Mimesis - Your team AI Creative Director for Commercial Ideation

μίμησις (mímēsis), imitation, representation. In Plato and Aristotle, the idea that poetry, painting, and theater imitate human actions, character, and reality.

Table of Contents


Part 1 - The Story

Inspiration

I've worked in production studios where creating a commercial meant weeks of pre-production before a single frame was captured. Briefs, discovery sessions, treatments, storyboards, casting, each step exists for a reason. That process isn't overhead. It's where the meaning is built.

When I started experimenting with AI video generation, the results looked technically impressive. But something felt wrong. The output was clean, but it meant nothing. It had no why.

And I realized: the problem wasn't the model. It was that I'd skipped every step that gives a commercial its soul.

We've all experienced this, being stuck on a project, walking away frustrated, and finding the answer two hours later in the shower. That's not magic. That's your brain doing asynchronous work, absorbing, connecting, making sense of everything you've fed it. The pre-production process in advertising works exactly the same way. It forces reflection. It creates meaning. It ensures that when you press record, you know exactly what you're trying to say and who you're saying it to.

So I didn't want to shortcut that process. I wanted to make it more creative, with faster feedback loops, so you spend less time in the abstract and more time reacting to something real.

What Mimesis Does

Mimesis is the collaborator you brief on the spot. Through real-time voice conversation, she runs a full commercial production pipeline, from brand research to final video.

She works with any brand that has an internet presence: Chanel, Netflix, Coca‑Cola, Nike, Apple, no URL needed. Give a name, and she starts working.

The interface is built like a constellation: the brand's mission, its enemy, its strategy, its campaign history, all visible at a glance. A living brief that thinks with you. Drop a product image, she reads it, connects it to the brand DNA, and pitches a direction. She assists the room, not replaces it.

See It In Action

Here is the full flow, from brand name to final video:

Step 1 - Brand Research & Exploration

Brand Research

Start a session and activate the voice agent. Mimesis greets you and asks which brand you're working on. Give any brand name, she dispatches 5 parallel workers that autonomously research the brand's visual identity, strategy, latest news, viral campaigns, cultural symbols, and philosophy. Results stream into the UI as they arrive.

Once all the research is displayed, you can interact freely:

  • Ask for details on any section: "Tell me more about their strategy."
  • Focus on a section: "Show me just the news." The UI cinematically isolates that panel.
  • Ask Mimesis to connect the dots: "What link can you make between the keywords and Chanel's strategy?"

Step 2 - Creative Briefing

Creative Briefing

When you have a clear understanding of the brand, say: "Let's move to the next step."

Mimesis takes the lead and conducts a rapid creative interview through 3–4 questions: What's the objective? What product are we showcasing? Who is the target? What emotion should the ad evoke?

💡 At any point you can upload images by dragging them onto the screen: a product photo, a color palette, a moodboard, or any visual inspiration for the scenario.
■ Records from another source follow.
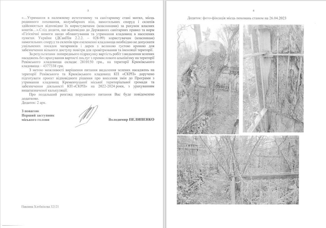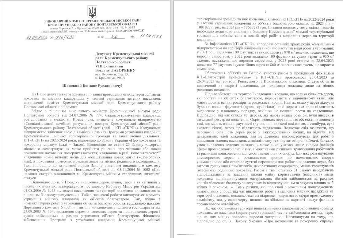 У своєму запиті депутат Лазоренко виклав численні скарги мешканців Кременчука, що стосувалися жахливого стану закритих кладовищ в частині великої кількості аварійних дерев. Як зазначається в документі: дерева-велетні становлять загрозу не лише цілісності надмогильної архітектури, а життю та здоров’ю відвідувачів, що приходять віддати шану спочилим родичам. Так згідно п.9 постанови Кабінету Міністрів України №1045 від 01.08.2006 «… зелені насадження на території кладовищ видаляються за рішенням балансоутримувача…». Своєю чергою, відповідно до рішення виконавчого комітету Кременчуцької міської ради №774 від 24.07.2006 балансоутримувачем кладовищ розташованих в межах м. Кременчука, визначене комунальне підприємство «Спеціальний комбінат ритуальних послуг».
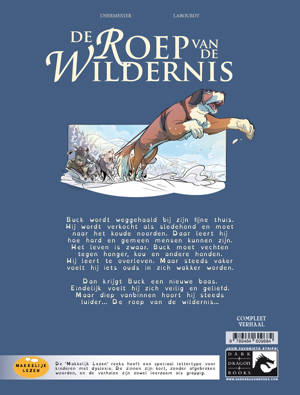 Buck wordt weggehaald bij zijn fijne thuis. Hij wordt verkocht als sledehond en moet naar het koude noorden. Daar leert hij hoe hard en gemeen mensen kunnen zijn. Het leven is zwaar. Buck moet vechten tegen honger, kou en andere honden. Hij leert te overleven. Maar steeds vaker voelt hij iets ouds in zich wakker worden. Dan krijgt Buck een nieuwe baas. Eindelijk voelt hij zich veilig en geliefd. Maar diep vanbinnen hoort hij steeds luider... De roep van de wildernis...
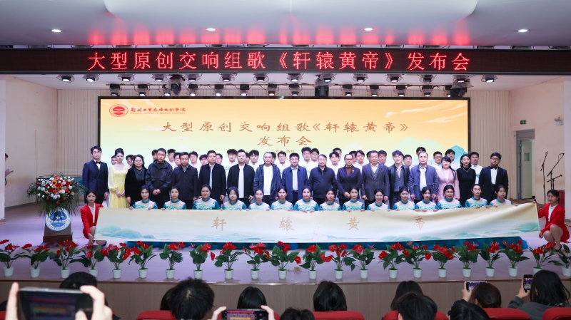 11月3日,郑州工业应用技术学院举行大型原创交响组歌《轩辕黄帝》发布会。新郑市黄帝故里景区党工委书记、管委会主任王淑慧,中国音乐家协会理事、河南省音乐家协会驻会副主席、河南理工大学音乐学院院长李新现,河南师范大学音乐舞蹈学院副院长(主持工作)罗强,河南师范大学音乐舞蹈学院副院长魏波,河南广电教育运营总监徐宁;学校校长闫兵,党委副书记、副校长吴杰霞,副校长贾圣强,工会主席、校长助理高红艳出席发布会;组歌主创团队核心成员许会锋、晁然、赵飞及有关单位负责人、师生代表等参加发布会。发布会由学校音乐与教育学院院长魏熙畅主持。
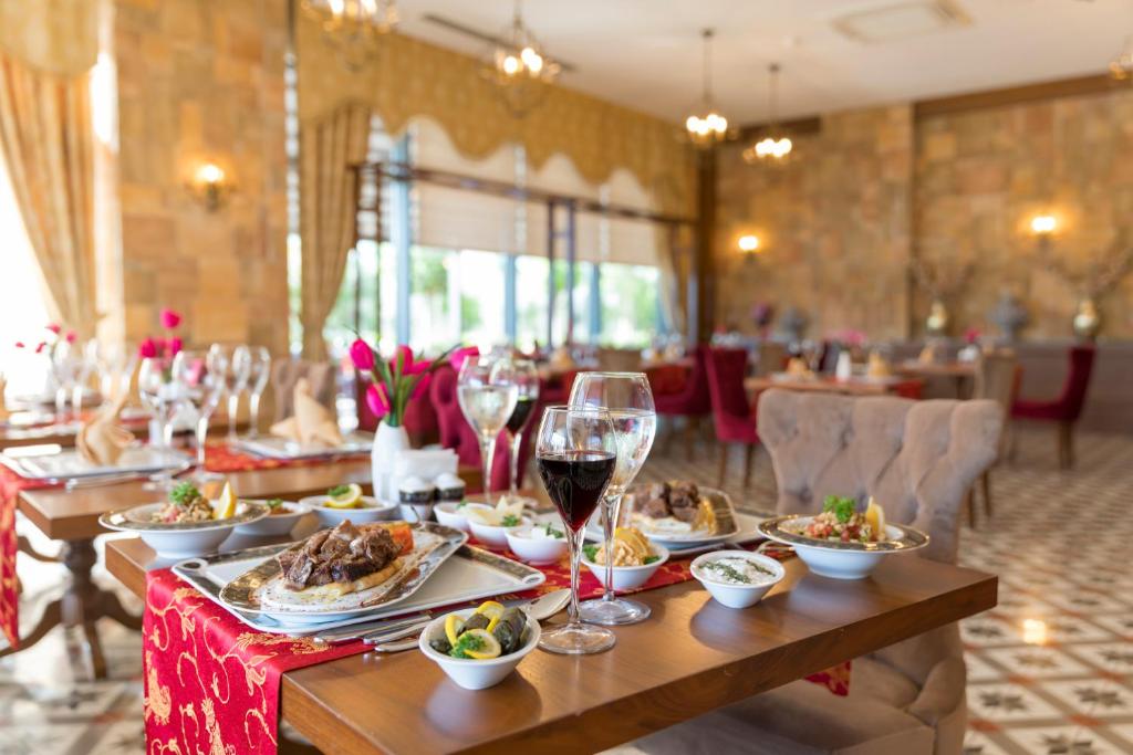 Щоранку для гостей сервірують сніданок, обід і вечерю “шведський стіл”. У барі готелю можна замовити різноманітні напої та чудово відпочити наприкінці дня. У ресторанах подають по меню страви турецької та італійської кухні.
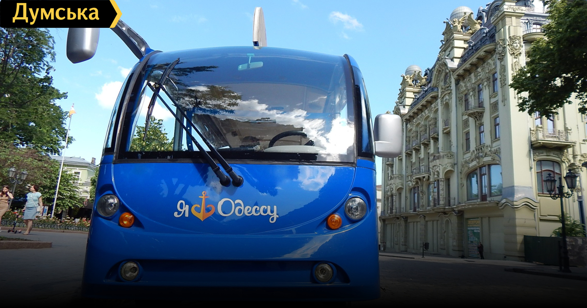 Летняя Дерибасовская. Зной. Тишина. Сосредоточенный пацан в панамке осторожно едет по брусчатке на велике. Солнце пробивается сквозь густую листву акаций. Улица будто умытая — чистая. Сонные пенсионеры сидят на скамеечках в тени. Тут же стоит синенький экскурсионный электромобиль. Водитель-усач широким жестом приглашает на экскурсию: дескать, эх, прокачу! И таких игрушечных с виду электробусика тут три: кроме синего, еще желтый и красный. Каждый ездит по своему маршруту.
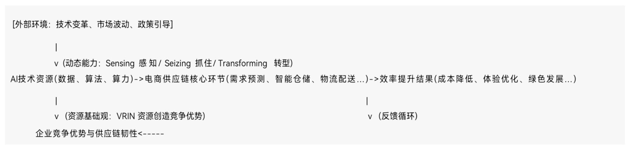 在本研究中,AI技术及其应用生态系统可被视为电商企业构建竞争优势的关键资源。同时,AI技术在供应链中的应用本质上是一种动态能力的体现:它极大地增强了企业感知市场细微变化(如通过社会情绪分析预测需求)、抓住市场机会(如快速调整生产与库存)以及转型组织与流程(如实现自动化运营)的能力。本文将以此框架分析AI如何通过赋能资源和提升动态能力,系统性提升电商供应链效率。理论框架如图1所示。
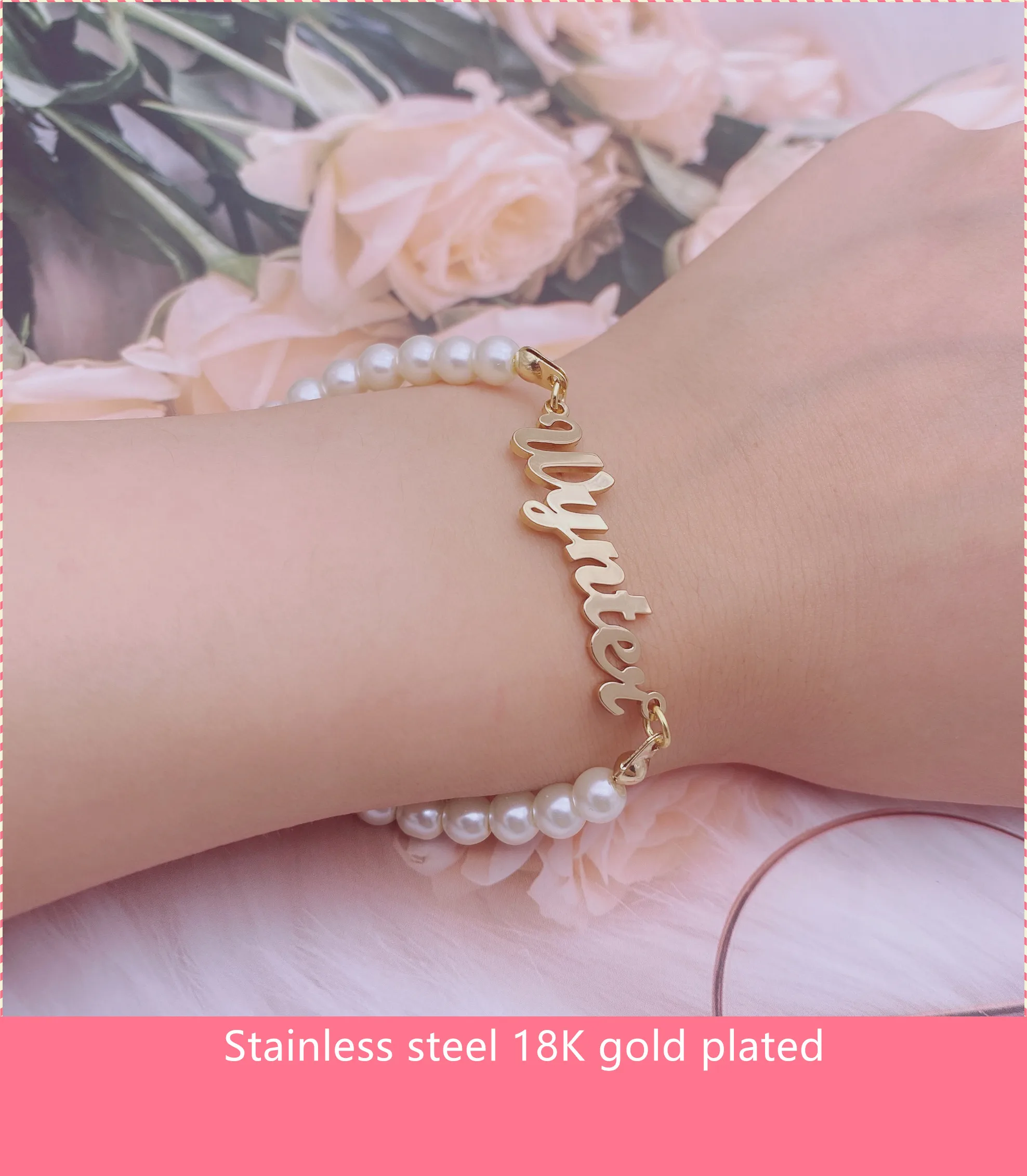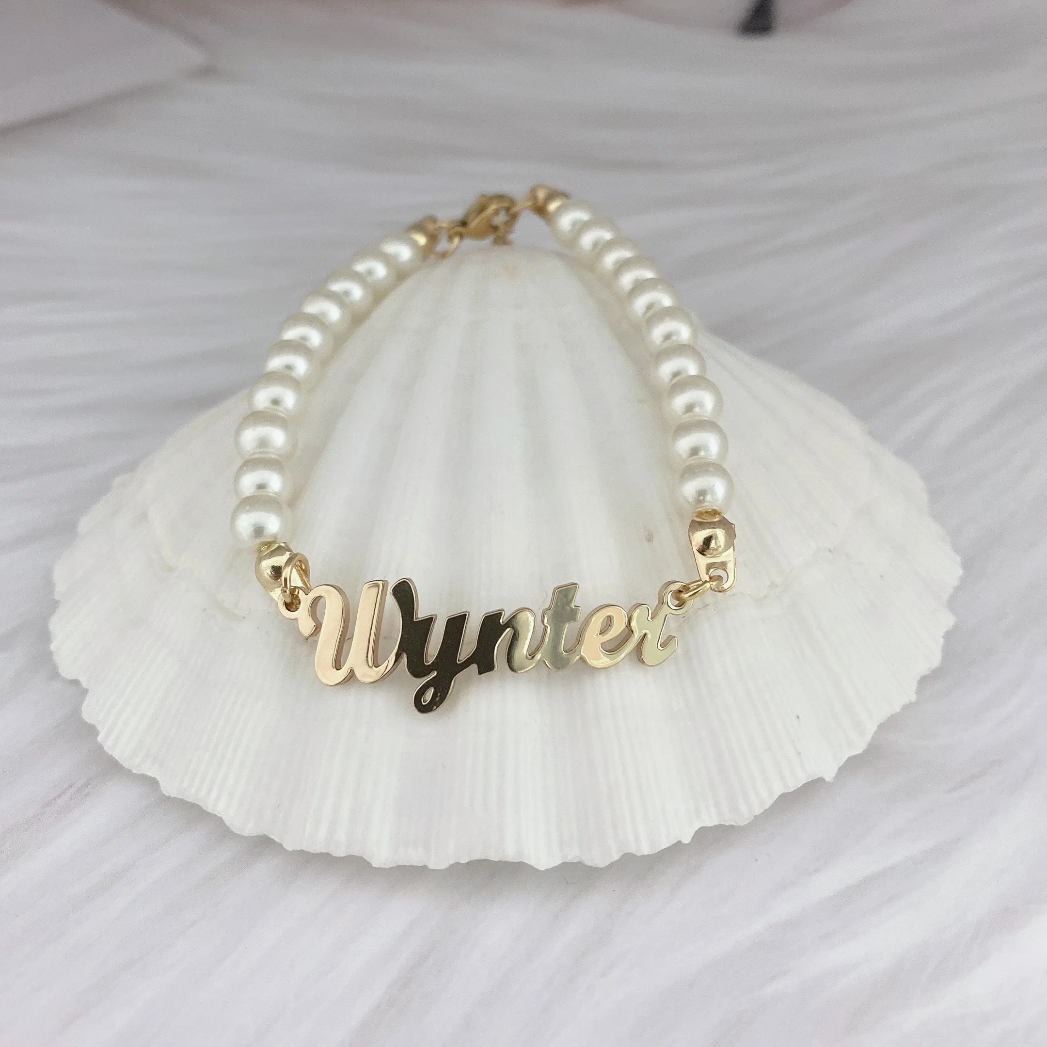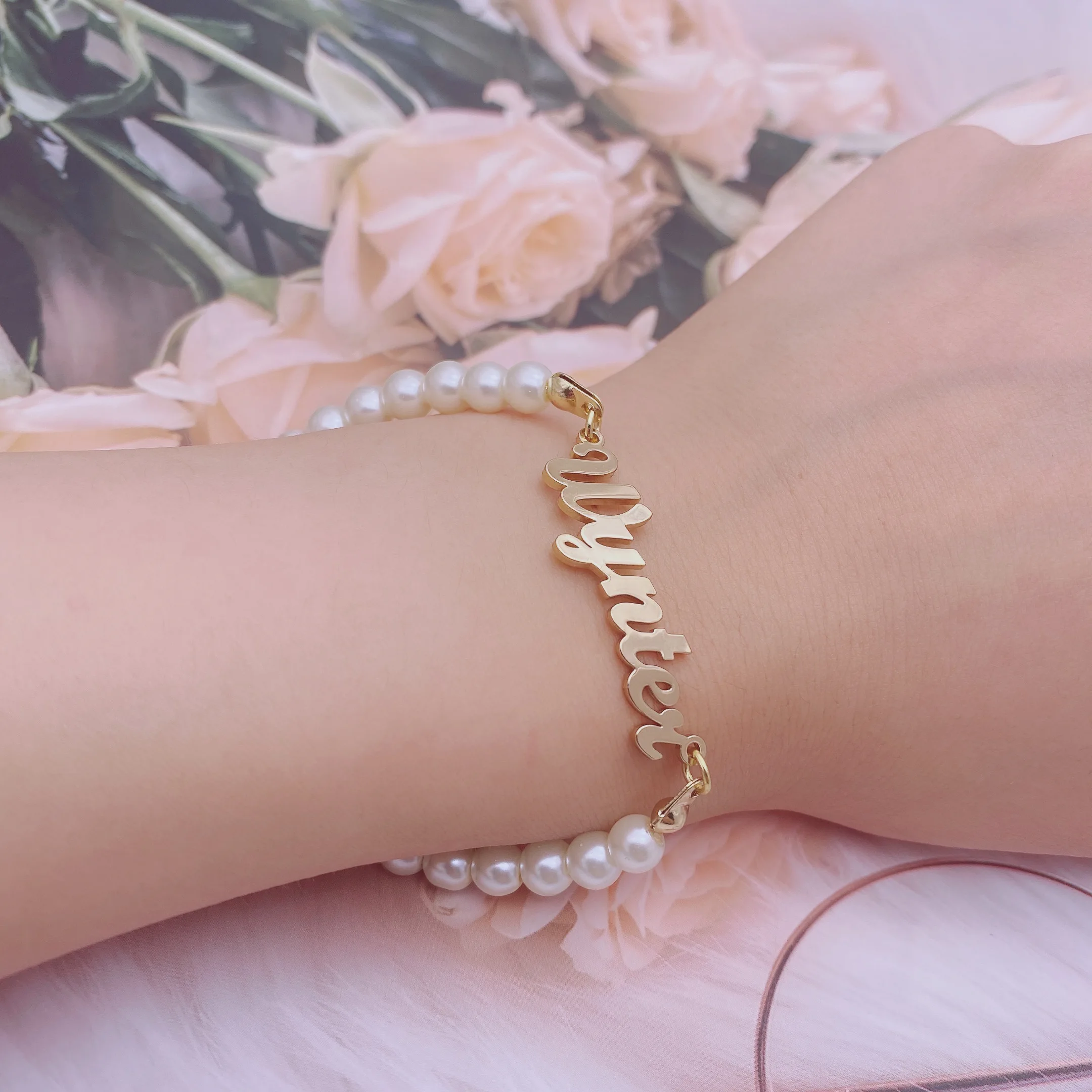 Жемчужные браслеты с именем на заказ, браслет с именем, цепочка из ...

Mimesis analyzes the visual mood, colors, and creative potential, and links it back to the brand DNA.

You can track everything Mimesis has collected in the Memory component (bottom-left of the UI).

Step 3 - Scenario & Sequence

Master Sequence

Once the brief is complete, Mimesis asks if you have any scenario ideas, a situation, a character, a visual concept. Share your vision or let her generate from scratch.

She builds a Master Sequence: a 6-act emotional arc (Hook → Context → Product Entry → Transformation → Climax → Resolution). The timeline appears on screen. You can approve it as-is, or request changes by voice: "Make the hook more aggressive", "Swap scenes 3 and 4." The sequence regenerates automatically.

Step 4 - Art Direction (Keyframes)

Art Direction

Once the sequence is locked, Mimesis launches the Production Workshop:

  1. An Anchor Image is generated to define the visual DNA (lighting, palette, mood).
  2. Keyframes (start/end reference images) are generated for all 6 scenes using Imagen 3. Browse them scene by scene, give feedback, and regenerate individual scenes by voice.
  3. When all scenes are approved, the visual storyboard is finalized.

Step 5 - Final Video Generation

Ask Mimesis to generate the final commercial. Veo 3.1 produces cinematic clips for each scene, and FFmpeg stitches them into a single video. Based on the scene created, we extend the sequence into 10 to 14 scene by inserting insert-shots on the product. When complete, the final ad appears on screen, ready for review.

Resolution VIDEO

Part 2 - Under The Hood

Architecture

Mimesis is built around three interconnected layers.

Global System Architecture The user interacts through a Next.js frontend connected to a FastAPI + Uvicorn backend deployed on Cloud Run. The Gemini Live API handles the real-time bidirectional voice session. In parallel, background workers (Gemini 2.5 Flash) fire independently, each executing a Google Search query, processing the result, and streaming it directly into the UI via WebSocket as it arrives. Final assets (images, videos) are delivered via Google Cloud Storage.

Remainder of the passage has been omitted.